Material provided ->
========

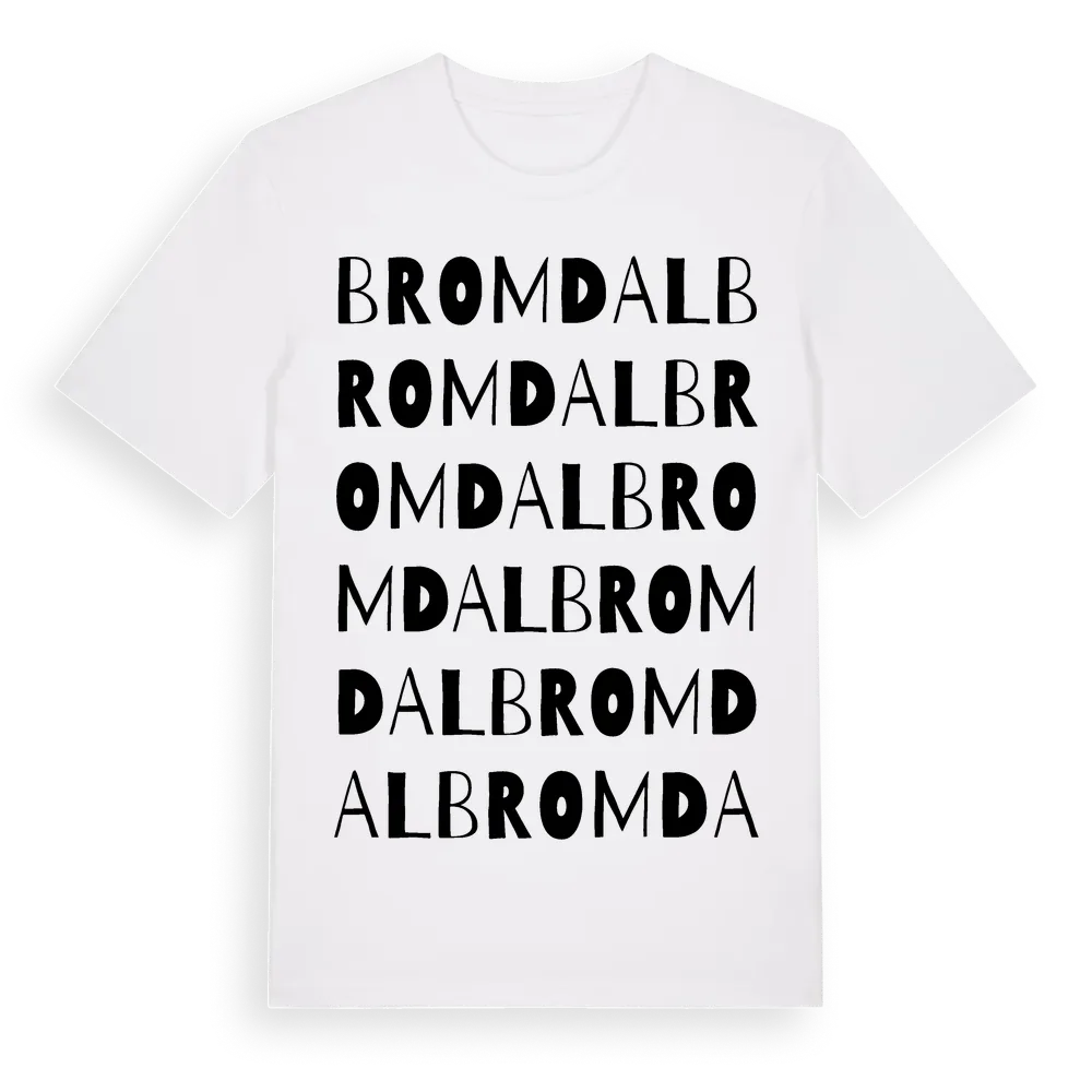 Bromdal ordlek t-shirt är inspirerad av Bromdal i Södermanlands län, Sverige. Tröjan är designad för dig som har en speciell koppling till platsen – oavsett om du bor här, har rötterna här eller bara älskar Bromdal.
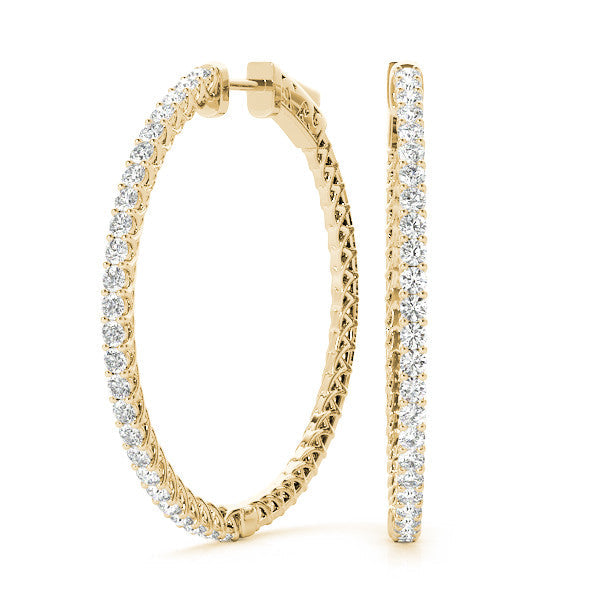 Yellow gold Round Diamond Pave Hoop Earrings with Prong Setting
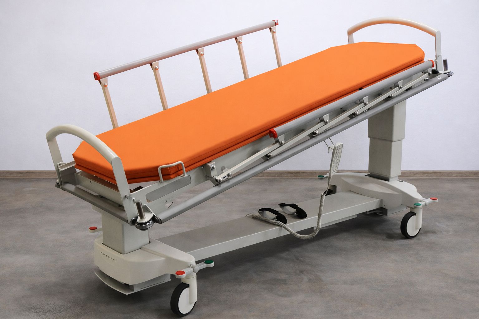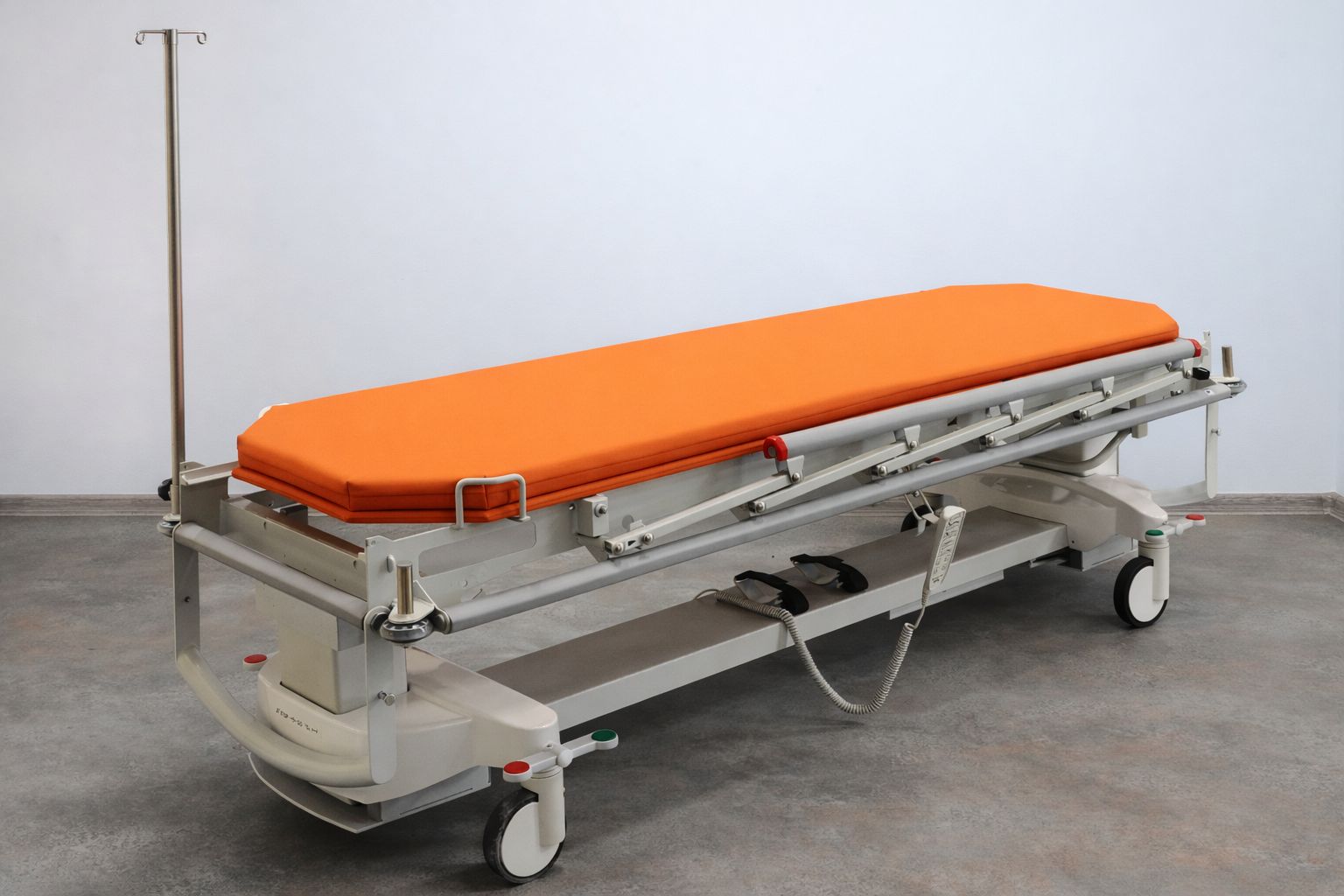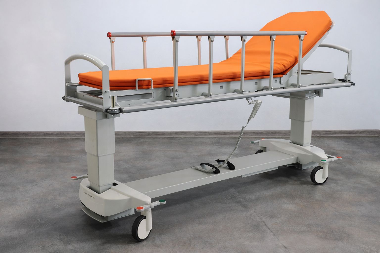 Transport, urgentní zákrok, rentgen – na všechno můžete využít tento stretcher. Kvalitní pojezdová kola Ø 150 mm s dvěma centrálními brzdami, vodicí kolečka pro rovný směr. Snímatelná matrace 630 × 1 950 mm, zádový segment nastavitelný manuálně plynovou pružinou 0° až +70°. Vnější rozměry (průjezdný profil) 750 × 2 050 mm.
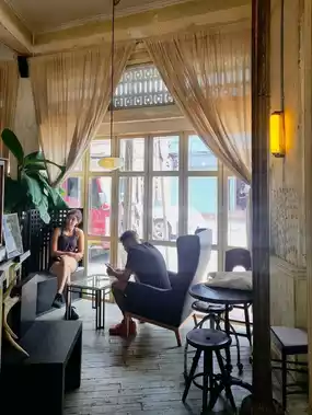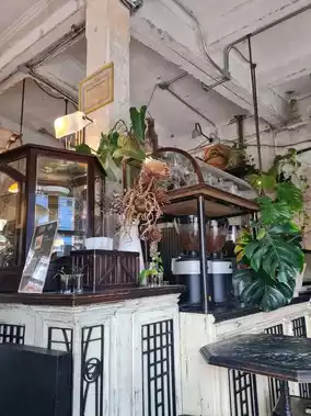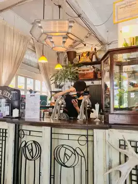The hot weather is not good. You have to stop by a cool coffee shop decorated with classic antiques and indoor plants, giving it a very classy vibe.

========

Description of the task ->
Without the pictures, repeat the listing word for word.

Task output ->
 Bromdal ordlek t-shirt är inspirerad av Bromdal i Södermanlands län, Sverige. Tröjan är designad för dig som har en speciell koppling till platsen – oavsett om du bor här, har rötterna här eller bara älskar Bromdal.
 Yellow gold Round Diamond Pave Hoop Earrings with Prong Setting
 Transport, urgentní zákrok, rentgen – na všechno můžete využít tento stretcher. Kvalitní pojezdová kola Ø 150 mm s dvěma centrálními brzdami, vodicí kolečka pro rovný směr. Snímatelná matrace 630 × 1 950 mm, zádový segment nastavitelný manuálně plynovou pružinou 0° až +70°. Vnější rozměry (průjezdný profil) 750 × 2 050 mm.
The hot weather is not good. You have to stop by a cool coffee shop decorated with classic antiques and indoor plants, giving it a very classy vibe.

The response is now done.